Can You Get Eyebrow Dandruff? Here's What To Know

Sometimes you might notice that you have dry, flakey, and irritated skin on and around your eyebrows. Is that ... eyebrow dandruff? The experts call it seborrheic dermatitis, which is essentially "a fancy term for dandruff," dermatologist JiaDe "Jeff" Yu tells Everyday Health. "It can occur anywhere the skin is oil-rich, such as inside the ears and the ear canal," Yu explains. And yes, even the eyebrows. 

Those who experience eyebrow dandruff will notice it can cause a dryer appearance in that area of the skin that can be itchy, red or yellow, scaly, flaky, and uncomfortable. While it might be upsetting to see, it is a common skin condition that affects many people today and is relatively easy to manage. While symptoms like itchy patches or flaking in the skin can be uncomfortable, learning about it and finding solutions to mend the condition can make a world of difference.
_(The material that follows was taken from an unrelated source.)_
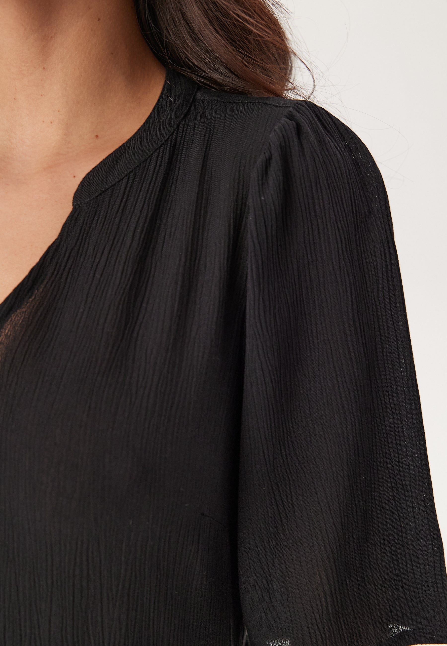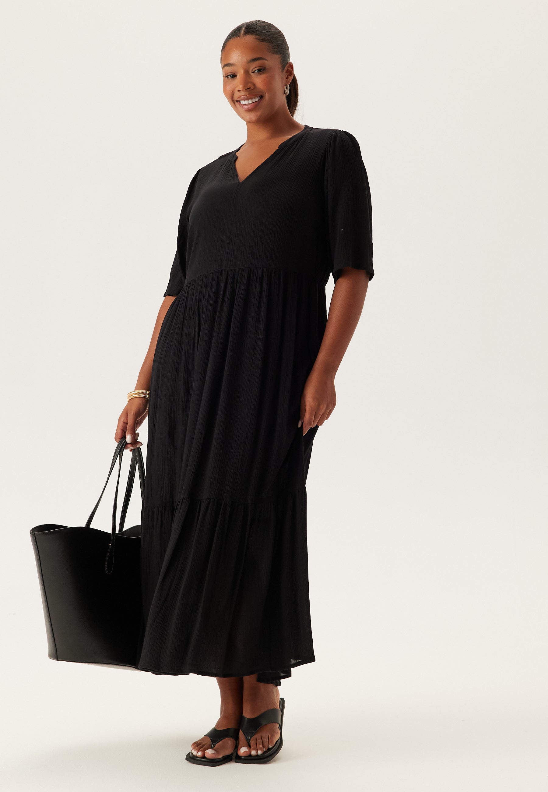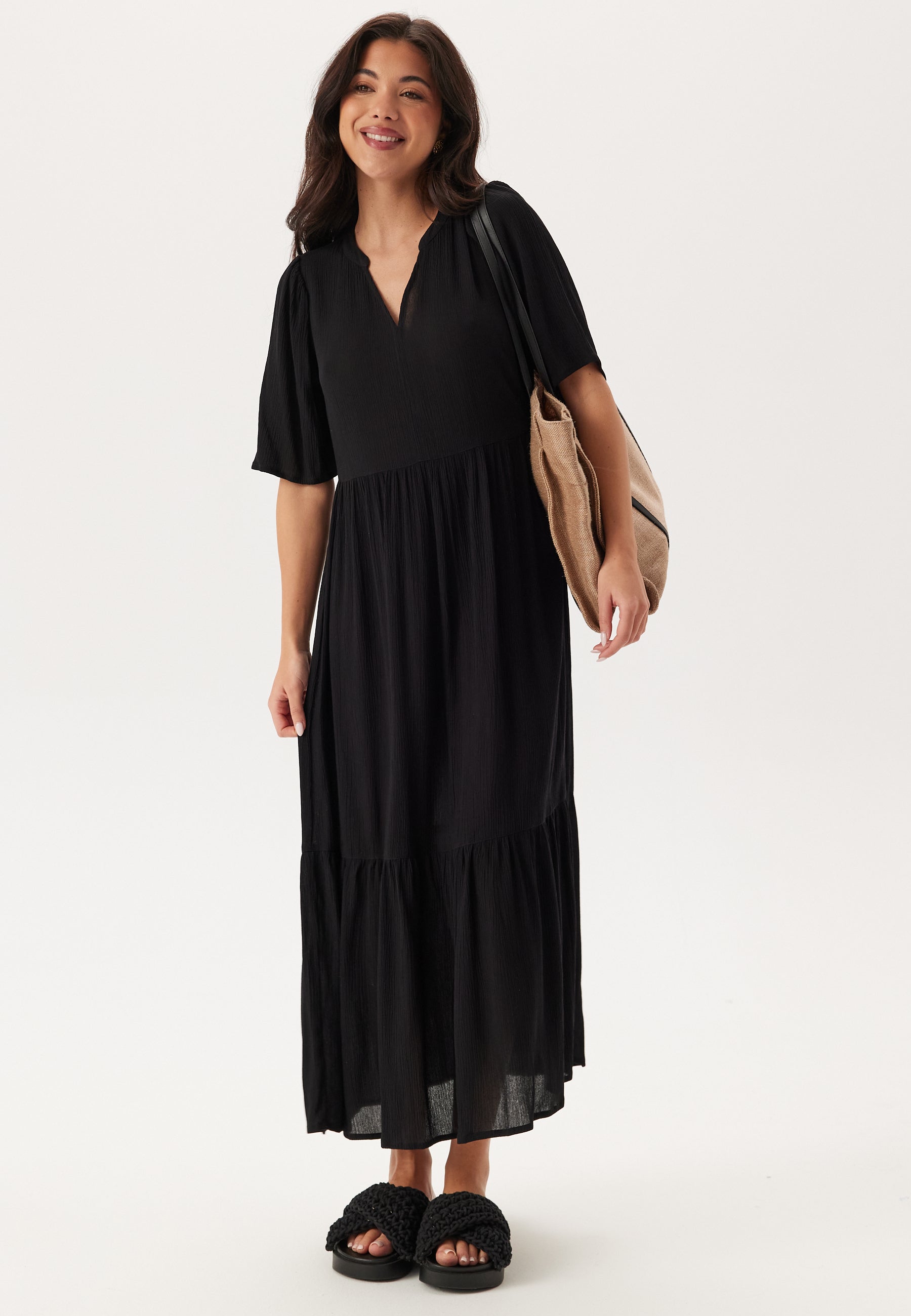 Denne sorte midikjole er en nem hverdagskjole til varme dage, afslappede middage og weekender, hvor du gerne vil være komfortabel uden at tænke for meget over det. Den er lavet i en vævet viskosekvalitet med let struktur og har et blødt fald, en afslappet pasform og pufærmer, som giver den lidt mere karakter end en helt enkel smid-over-kjole.

Potential causes of eyebrow dandruff

Where does eyebrow dandruff (aka seborrheic dermatitis) come from? "Seborrheic dermatitis is an inflammatory condition caused by a yeast that is everywhere on the body, but some people that are sensitive to that yeast have a reaction," dermatologist Michelle Henry tells SELF. The yeast is called Malassezia, which is "a fungus in oily skin secretions" that is linked to many other common skin problems like eczema (via Healthline). Malassezia may be the culprit to your eyebrow dandruff, although there may be other causes as well.

Contact dermatitis might also be causing your eyebrow dandruff. Healthline explains that the flaky, itchy reaction can occur because of a "new substance" applied to the skin. If this suddenly shows up on your eyebrow, it's best to evaluate what products you have been using. New face washes or shampoo can also trigger contact dermatitis and should be removed from your routine. Additionally,  genetics, stress, and cold, dry weather can play a part.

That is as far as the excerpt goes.